I should be feeling happy. I earn enough income to take care of myself and a little bit extra for leisure and these are all I need to feel happy. I have no desire for friendship nor love. All I want is to live in a small quiet space.

However, my parents believe I can't be and shouldn't be so because I don't earn as much as my cousins do and I don't have friends. My father barks at me all the time about not having a social life like everybody else. They said they feel bad for me for having a friendless, pathetic life. I told them over and over again that I feel happy as long as I am allowed to have my quite space. They don't accept it and they're absolutely convinced that I'm depressed because of having no friends. But the reality is, most of my sadness comes from my parenting not accepting and appreciating the way I am and constantly interrupting my thoughts.

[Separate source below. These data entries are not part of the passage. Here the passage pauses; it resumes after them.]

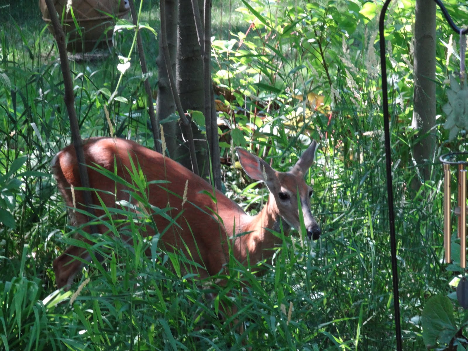 I put the wind chimes next to the bird feeders thinking that if the deer bumped into them, they would run off.
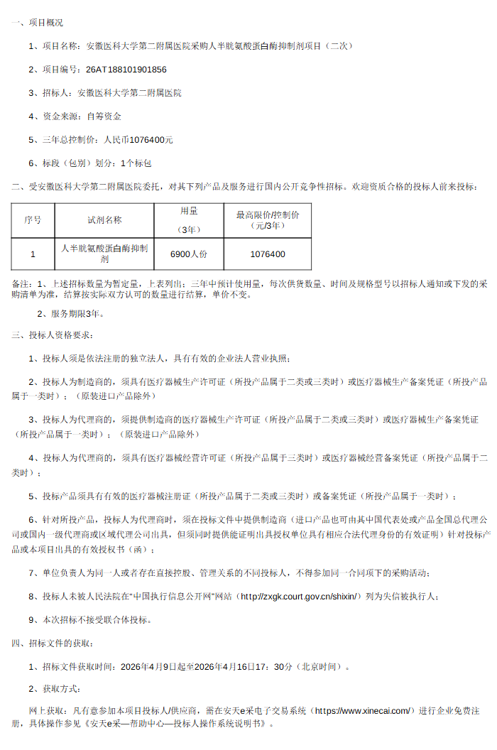安徽医科大学第二附属医院采购人半胱氨酸蛋白酶抑制剂项目(二次)招标公告
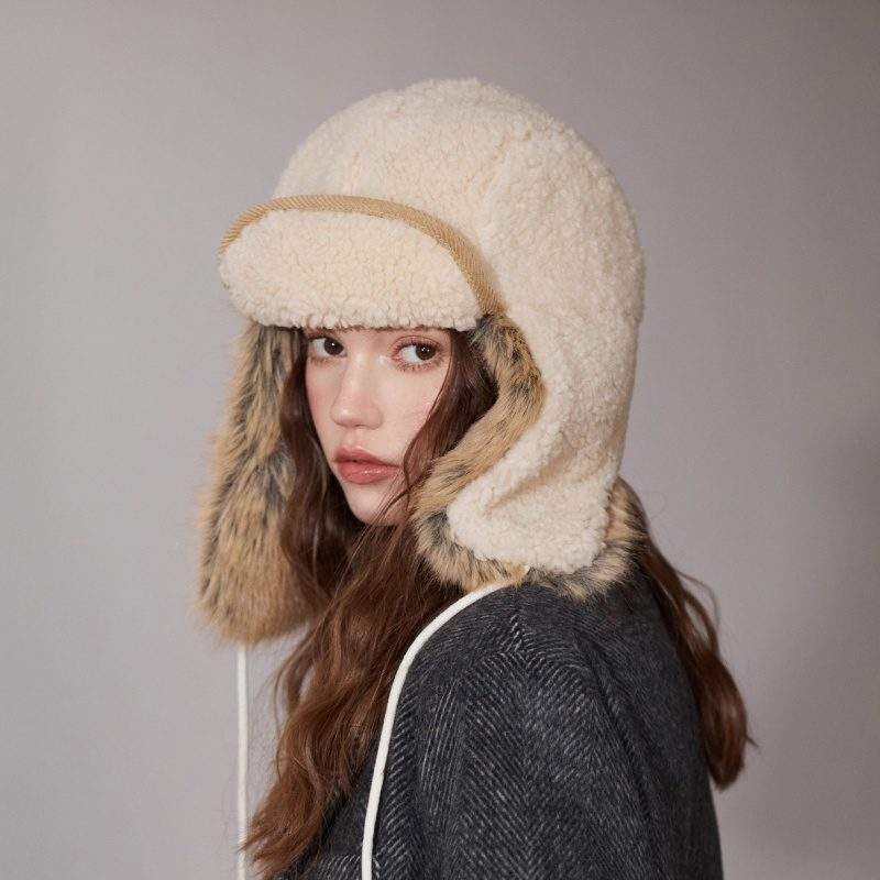 Sherpa Fleece Earflap Hat – Thick Winter Plush Warm Hat for Women

They think it's their duty to scout me until I am "better." Besides having no friends/relationships, one thing they hold against me most often is my unwillingness to drive a car. I was forced to learn to drive when I was younger. I learned slow and took more lessons than most people before I got my license. I felt really stupid and guilty for having to spend the extra money. After I got my license, my dad would force me to practice driving with him. He's always criticizes me my skills. One day, while he was nagging me behind the wheels, I crushed his car. I believe my driving phobia was formed at that time. After that, I stopped driving and they also quit forcing me to for a while because we couldn't afford me crashing another car. I have nightmares of car accidents a few times each year since then.

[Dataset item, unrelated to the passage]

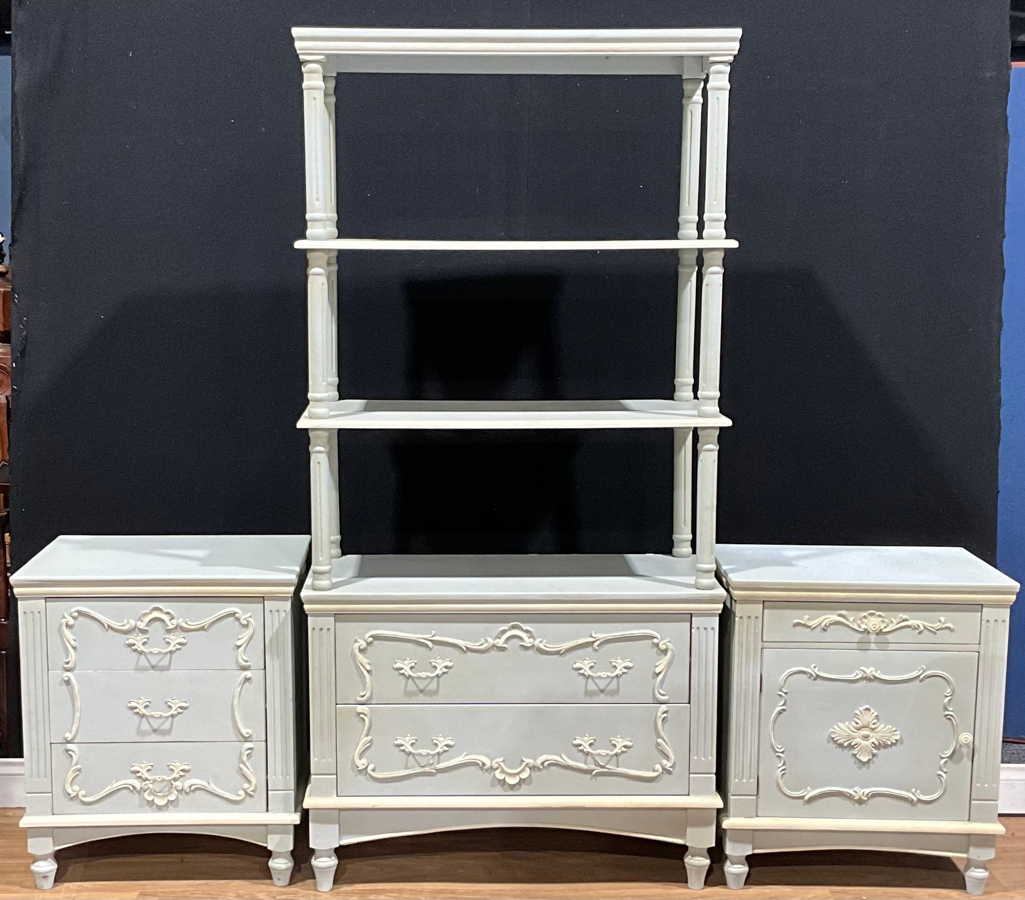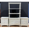 A contemporary French Rococo design open display stand or etagere, 181cm high, 89.5cm wide, 39.5cm deep; a similar commode and side cabinet (3)

However, since I got my jobs and started bringing extra cash home, they've been trying to convince me to drive again. Even though, I could get to work perfectly fine with my bike and public transportation. The happiest time for me is when I go to work and on my way home--being able to day dream by myself. Sadly, my bike was stolen earlier this week. I felt terrible about this. Instead of comforting me for my lost, my parents quickly takes the opportunity to remind me about how unfortunate I am for not being able to drive. They believe this is the chance to make me "normal." They think somehow learning to drive would transform me. They're going to keep nagging me until I take a driving lesson.

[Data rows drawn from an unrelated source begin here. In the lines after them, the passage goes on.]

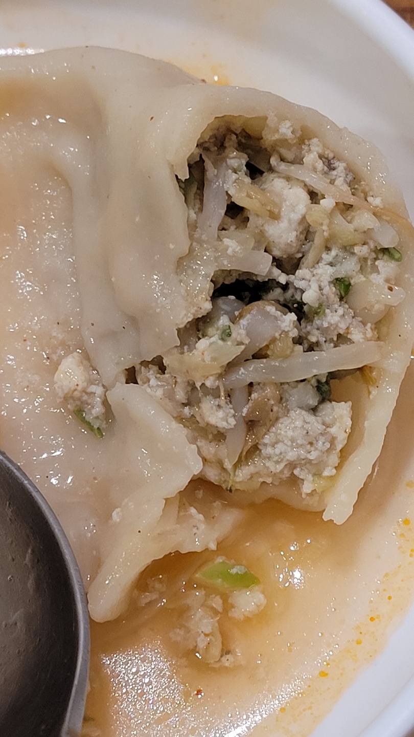 두꺼운 만두피를 펼쳐보니 안에 숙주, 부추, 두부, 마늘, 파, 고기로 어우러진 만두속이 어우러져 있었습니다. 만두속은 담백하고 심플한 맛을 자랑했습니다. 이북식 만두는 손바닥 만한 크기의 만두로 몇 개만 먹어도 배부를만 한 만두라고 하는데, 확실히 3개 정도 먹으니 배가 차는 듯한 느낌이 들었어요.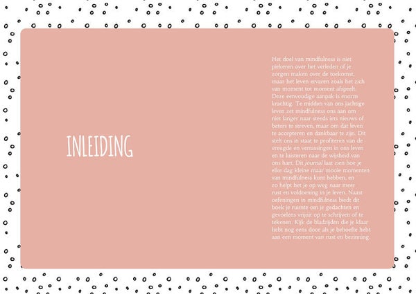 Mijn Mindfulness Journal staat vol met bespiegelende citaten, treffende uitspraken en eenvoudige oefeningen. Leg je momenten en ervaringen vast, zodat je echt in het huidige moment kunt leven en ervan kunt genieten. Dit boek leidt je door verschillende aspecten van je leven en helpt je rust vinden en te omarmen wat het leven te bieden heeft. Mindfulness is een reis – En zelfs de grootste ontdekkingsreizigers kunnen onderweg weleens wat hulp gebruiken!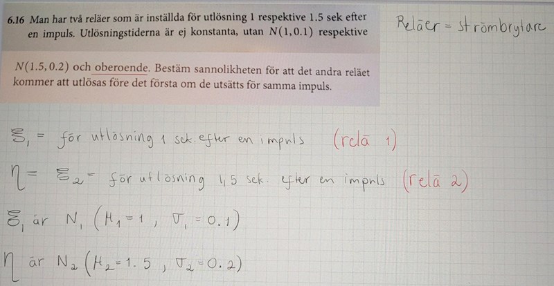Jag vet hur jag ska lösa uppgiften men behöver lite hjälp att uttrycka sannolikheten "det andra reläet kommer utlösas före det första om de utsätts för samma impuls". Hur kan man tänka?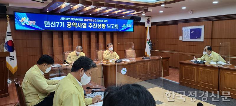 17일 밀양시는 시청 소회의실에서 박일호 밀양시장 주재로 간부공무원들이 참석한 가운데 민선7기 3년 동안 추진한 58개 공약사업을 점검하는 보고회를 개최했다. [자료=밀양시]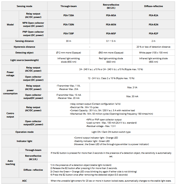 Hanyoung - Model PEA Series -Built-in Power Supply / Amplifier Built-in Photo Sensor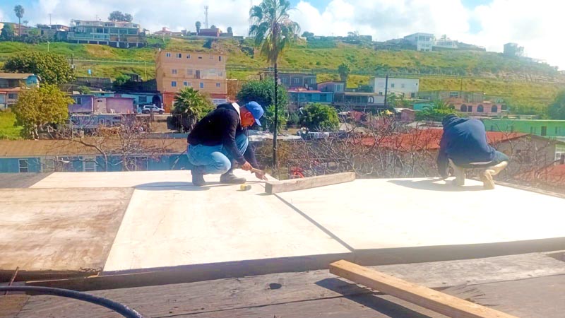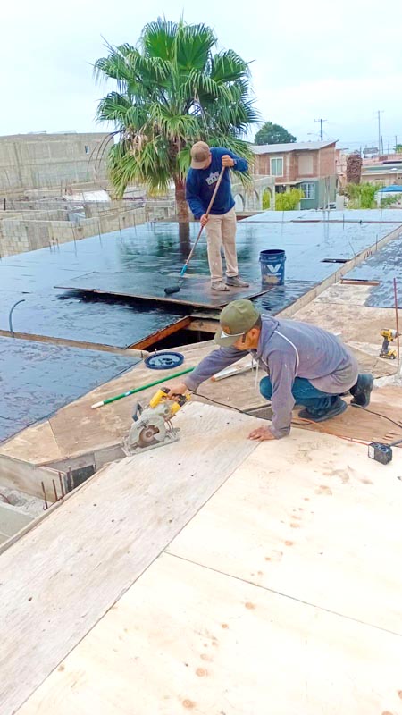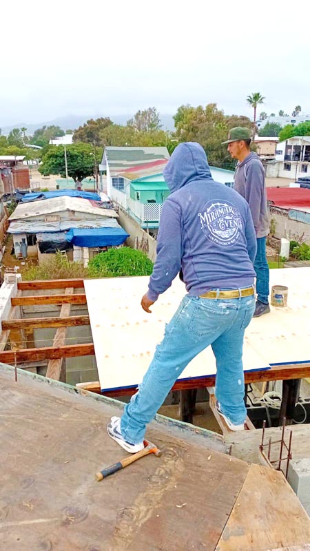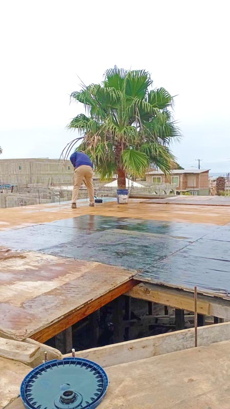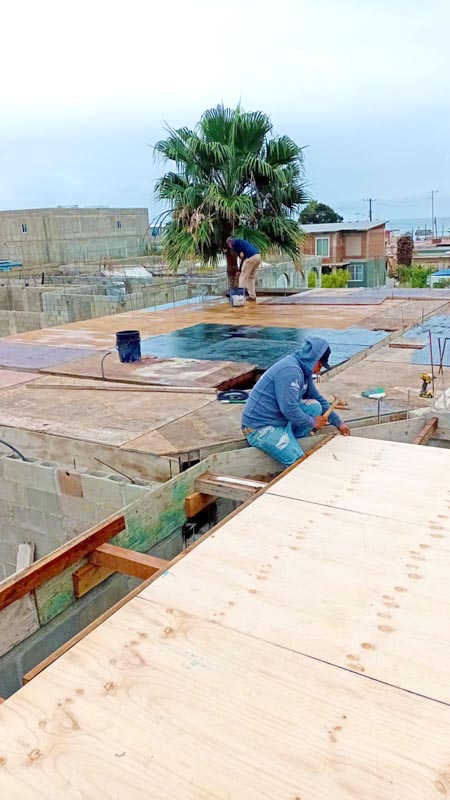 We’ve had so much rain since our last update! This puts all the wood we have up for the concrete roof form at risk. So we grabbed a drum of cold tar to coat the wood. After this, we build the rebar support structures that give the concrete stability, and we’ll be only a few weeks away from having this roof ready to pour! (You can see more about the beginning of this project here)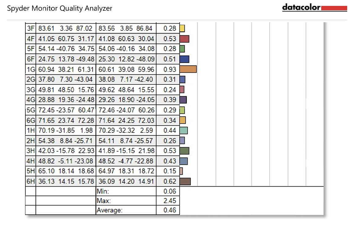 Migovi measured the ViewSonic ColorPro VP2788-5K monitor using the SpyderX Elite after performing a factory reset. The DCI-P3 display mode was enabled instead of User and the results showed that the monitor covered 100% of the sRGB color space, 89% of the Adobe RGB color space, 100% of the DCI-P3 color space and 87% of the NTSC color space. The color difference was as low as 0.06 and as high as 2.45 (teal), with an average Delta E of only 0.46.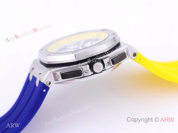 316L Stainless Steel Case Blue Textured Dial Yellow & Blue Rubber Bracelet

I have told them this is my life and my money and I don't want to spend it on something that make myself unhappy. There are plenty of stuff that makes my happy that I'd love to buy, but I didn't do so to grow my saving so I can soon have enough money to move out the house and finally have my own life. 

There are only two paths: either take a driving lesson to feel terrified and depressed or escape from the house to make my parents go insane.

I know it's kind of silly to have suicidal thoughts over such thing. Many others suffer much more than I am. But honestly I just want to disappear. I am too weak to face such simple challenge like driving..:crying:


----------



## S a m (Jan 5, 2015)

I don't blame you for not wanting to drive...especially in west SGV. I would know lol. Nah but jokes aside like you said it's your money and you decide what you want to do with it. That'd be ridiculous to waste your own money on something you absolutely don't even want to do. I know a lot of people that just aren't comfortable driving and I don't blame them and honestly I think it's best to not have someone so anxious about driving behind a wheel because that'll only lead to accidents. Well I guess you'll just have to learn to ignore their nagging about it until you either buy another bike or move out.


----------



## lostinlife (Jun 2, 2010)

My sympathies for your family problems. Any time parents don't support their children, it's tough. I don't think it's silly to feel mental anguish over it because your parents are supposed to be your primary support system and when they don't support you it's pretty devastating, no matter how "small" the issue looks from the outside. 

Unfortunately, as long as you live with your parents, they're always going to have some form of control over your life. Your second option seems the best: Keep saving money from your job to move out. From someone else who has driving anxiety and hates driving, driving isn't simple and you need to be in the right state of mind to learn it. More power to you if you can build a life where you never have to drive, but I hope one day you can come back to that skill and learn it so the fear doesn't rule your life. You shouldn't do it for your parents though, you have to do it for you. If you're not ready, you shouldn't force yourself into it.


----------



## oku (Dec 9, 2013)

They know I am cheap and wanted to save every penny possible. So they're going to pay for the lessons and a new car. I told them it's going to make me terribly guilty and I would consider it's a debt. Not to mention the additional stress I need to endorse for driving "somebody else'" car (because it's not paid by my money). Apparently they don't give a crap about how I feel, they think I was just making up excuses to avoid taking responsibility.


----------



## PierceTheVeil (Feb 9, 2013)

Hi my mom makes me feel the same way, with wanting move out because of the tension we have. But, I know you've heard this before but the reason why they are concerned is because yiu are there child. I think maybe the resin why they want you to learn so bad is because they want to make sure you will be safe when you move out. It is sad that they don't accept you for you, my mom doesn't either. And they won't listen, but from what I've learned is that no one is prefect and we can't make someone change their ways for us. So I know it's hard but slowly you have to face the fact that they wont accept you, BUT that's not a bad thing. It's amazing that you are who you are and, don't let them get you down if they want you to be a different way. Try to keep a journal or something and record your thoughts to relieve stress. And then cope with it until you have enough money too move out. I really hope this helps and that's everything works out for you!!


----------